In the first book of Harry Potter (Harry Potter & the Philosopher’s Stone) Harry stumbles across a mirror late one night when exploring the Hogwarts castle. He is instantly entranced and fixated. He seeks to return, night after night, to stare longingly into the mirror.
I have been thinking a lot about crushes, fixated infatuation and the feeling of falling wildly in love as metaphorically like the Mirror of Erised in Harry Potter: it shows people their heart’s desire but is just an illusion. Harry sees his parents. Ron sees himself winning the house cup etc.
Many people have wasted away in front of the mirror, longing, trying to get what they want out of it… Voldemort sees himself using the philosopher’s stone to become immortal. At that point what Harry wants most is to find the stone and not use it. It appears in his pocket.
We see a beautiful illusion in another person. Maybe it is the child inside ourselves teaching out for reunion with a parental saviour. Maybe it is the happily ever after Prince rescue that feels so close to a death wish with heavenly afterlife.
On some level we want to surrender to oblivion and not to have to do so much. Life is exhausting. We are weary. Everything is hard. But maybe the equivalent of finding the philosopher’s stone our my pocket is discovering a hidden nugget of truth or deeper self awareness.
Relating to other people is often a process of navigating projections.
A similar reflection of relationships is represented in Osho’s Zen cards:
7 of Water: Projections
The man and woman in this card are facing each other, yet they are not able to see each other clearly. Each is projecting an image they have constructed in their minds, covering the real face of the person they are looking at.

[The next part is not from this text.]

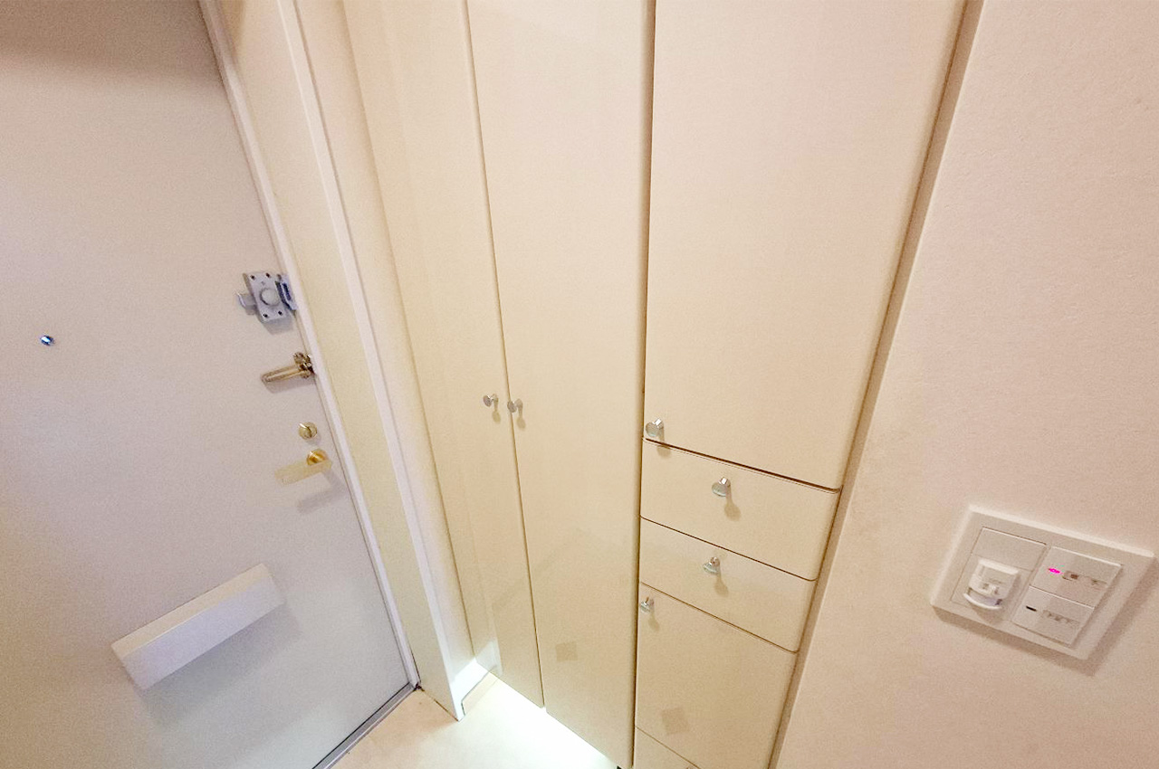 大型収納付きで整理整頓しやすい機能的な玄関。下駄箱+収納棚で靴や小物をしっかりと収納できます。

All of us can get caught up in projecting movies of our own making onto the situations and people surrounding us. It happens when we are not fully aware of our own expectations, desires and judgments; instead of taking responsibility for them and owning them, we try to attribute them to others. A projection can be devilish or divine, disturbing or comforting, but it is a projection nonetheless–a cloud that prevents us from seeing reality as it is. The only way out is to recognize the game. When you find a judgment arising about another, turn it around: Does what you see in others really belong to you? Is your vision clear, or clouded by what you want to see?
In a cinema hall, you look at the screen, you never look at the back–the projector is at the back. The film is not there really on the screen; it is just a projection of shadow and light. The film exists just at the back, but you never look at that. And the projector is there. Your mind is at the back of the whole thing, and the mind is the projector. But you always look at the other, because the other is the screen.
When you are in love the person seems beautiful, no comparison. When you hate, the same person seems the ugliest, and you never become aware of how the same person can be the ugliest and the same person can be the most beautiful…. So the only way to reach to truth is to learn how to be immediate in your vision, how to drop the help of the mind. This agency of the mind is the problem, because mind can create only dreams….
Through your excitement the dream starts looking like reality. If you are too excited then you are intoxicated, then you are not in your senses. Then whatsoever you see is just your projection. And there are as many worlds as there are minds, because every mind lives in his own world.Osho Hsin Hsin Ming: The Book of Nothing, Chapter 7
Just as Osho says: look at the back, look at what’s really behind the projection.